Woodsmen's Day At Fryeburg Fair
After thirty-four years of wanting to, I finally went to Woodsmen’s Day at the Fryeburg Fair. It’s always been on a Monday and I always had to teach at my old school about half-a-mile away. If I skipped and went to the fair I’d see dozens of people who knew me, knew where I was supposed to be, and who could see I wasn’t sick, so I put it off until after retirement. Weather wasn’t the greatest though. Rain was forecast. It didn’t come, but the day was mostly cloudy, damp, and raw, and that added to a certain sadness I felt.
Why sadness? There was a kind of “John Henry” feeling about it. Older readers may remember hearing someone like Johnny Cash sing a version of the old “Steel-Driving Man” ballad. As the legend goes, John Henry was a big, strong man who drove steel spikes into wooden ties to hold down the rails.

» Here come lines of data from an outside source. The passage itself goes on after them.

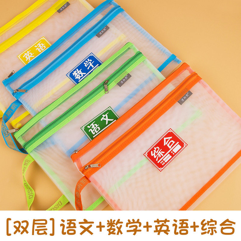 Student A4 Transparent mesh Paper Bag Double layer Chinese Mathematics English Subject classification Homework Paper storage bag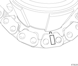 While holding the camshaft phaser in hand, position the timing chain on the camshaft phaser and align the timing marks as shown.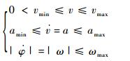 式中:vmin和vmax分别为飞机最小和最大速度限制;amin和amax分别为飞机最小和最大加速度限制;a为飞机加速度; ω为飞机偏航角速度; ωmax为飞机最大偏航角速度。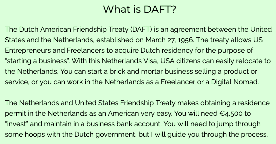 The text of an explainer on the DAFT treaty. It's verbose but here is the text: The Dutch American Friendship Treaty (DAFT) is an agreement between the United States and the Netherlands, established on March 27, 1956. The treaty allows US Entrepreneurs and Freelancers to acquire Dutch residency for the purpose of “starting a business”. With this Netherlands Visa, USA citizens can easily relocate to the Netherlands. You can start a brick and mortar business selling a product or service, or you can work in the Netherlands as a Freelancer or a Digital Nomad. The Netherlands and United States Friendship Treaty makes obtaining a residence permit in the Netherlands as an American very easy. You will need €4,500 to “invest” and maintain in a business bank account. You will need to jump through some hoops with the Dutch government…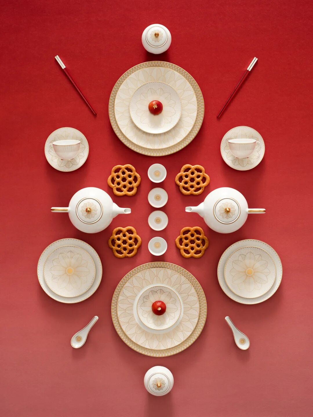 主题大片中,世家经典 Malmaison Impériale马勒梅松帝国系列瓷器耀目登场。全新推出的茶壶、茶杯、咖啡杯碟,精致典雅,细腻勾勒出节日下午茶的温馨欢聚之景;餐盘全系列则为新春家宴增添华章,以其华美的身姿承载佳肴美馔。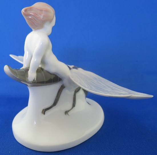 A Rosenthal porcelain of a boy riding a dragonfly by Albert Caasmann (1886-1968) ca. 1920. This is model “K 354” which is impressed on the bottom. It is also marked in green underglaze “Rosenthal Selb-Bavaria”. The figure is 4” high and is in mint condition.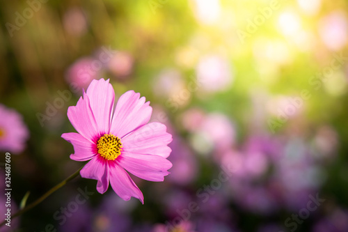 Obraz premium Beautiful Cosmos flowers in garden. Nature background.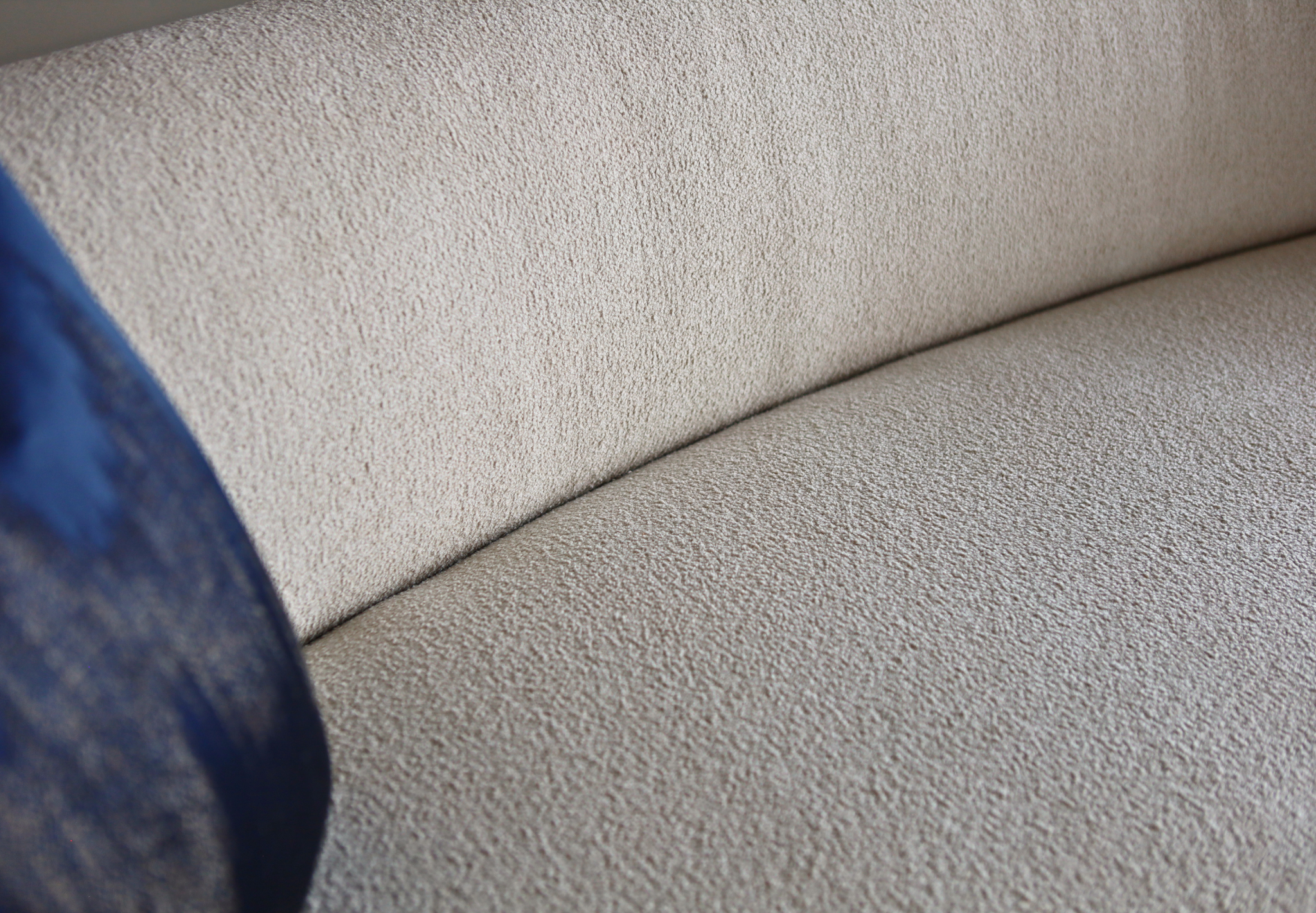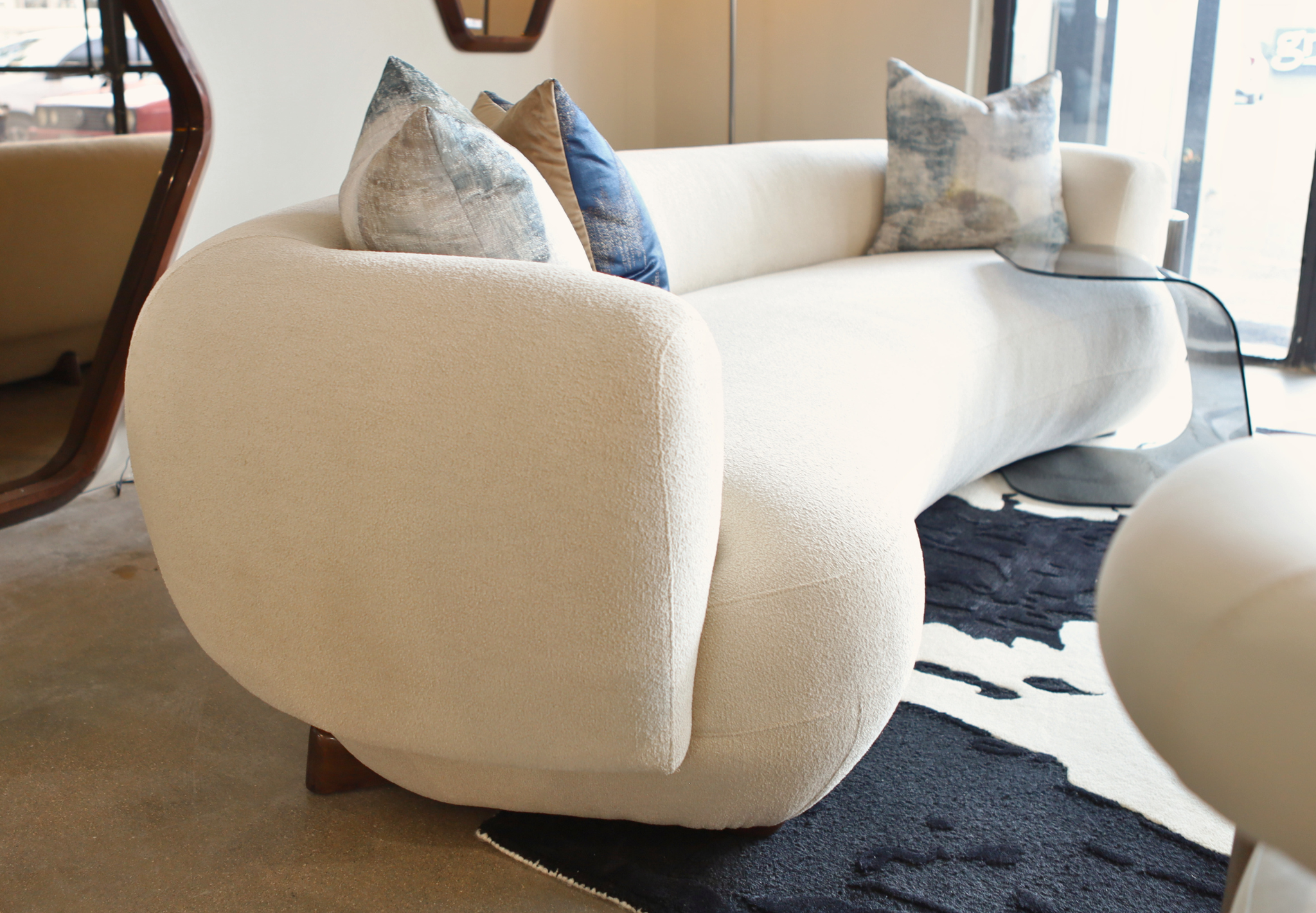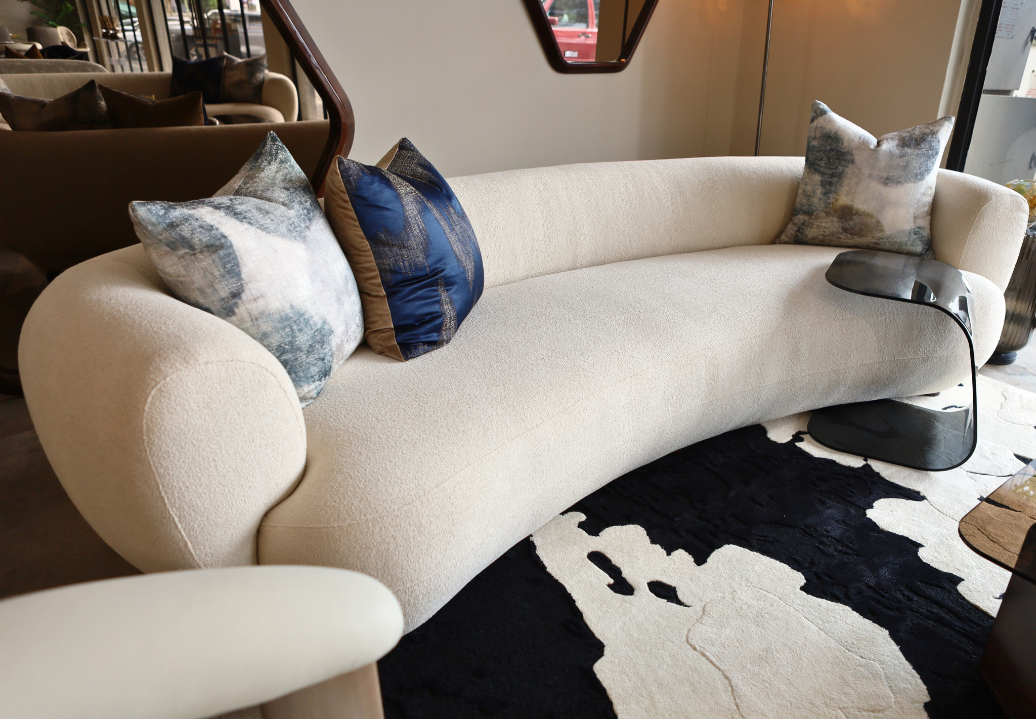 Its fluid, crescent shape creates a sense of movement within the space, making it ideal for open-plan interiors or statement living areas. Generously padded seating and rounded armrests enhance its comfort, while the seamless upholstery keeps the look refined and modern.

His job was threatened by a steam-driven machine that would replace human labor and he challenged that machine to a contest. John Henry won, but it wore him down so much that he died of exhaustion in the way a horse will run itself to death.
Woodsmen’s Day had lots of ax-wielding events - though axes are a tool you’re not likely to see at a logging site anymore. There were buck-saw and two-person crosscut saw events too. All these old tools were replaced by chainsaws, of course, and there there were also competitions for those. Guys with whining souped-up saws cut through a 10X10 pine beam three times - down, up, and down again - in less than four seconds. If you blinked, you missed it.
Lately, even chainsaws are being replaced in the woods. Giant machines called feller-bunchers with big steel arms grapple onto trees while a huge steel circular saw cuts them off at the stump, then lays down a bunch of them for newer grapple skidders to muckle onto and drag to the landing where another giant machine grabs them and feeds them into a chipper. They’re getting more common than chain saws and old-style steel-cable skidders. Feller-bunchers were on display for sale in an area adjacent to the Woodsmen’s Day events. You’ll probably still see a chainsaw on a logging site today but it’s seldom used. Somebody may pick one up to cut a little tree out of the way or, ironically, to drop a tree too big for the huge machines to handle. As far as I know, there are no competitions planned at Fryeburg Fair for feller-bunchers, and Paul Bunyan isn’t around to challenge one of those machines the way John Henry did in the twilight of his profession back in the 19th century.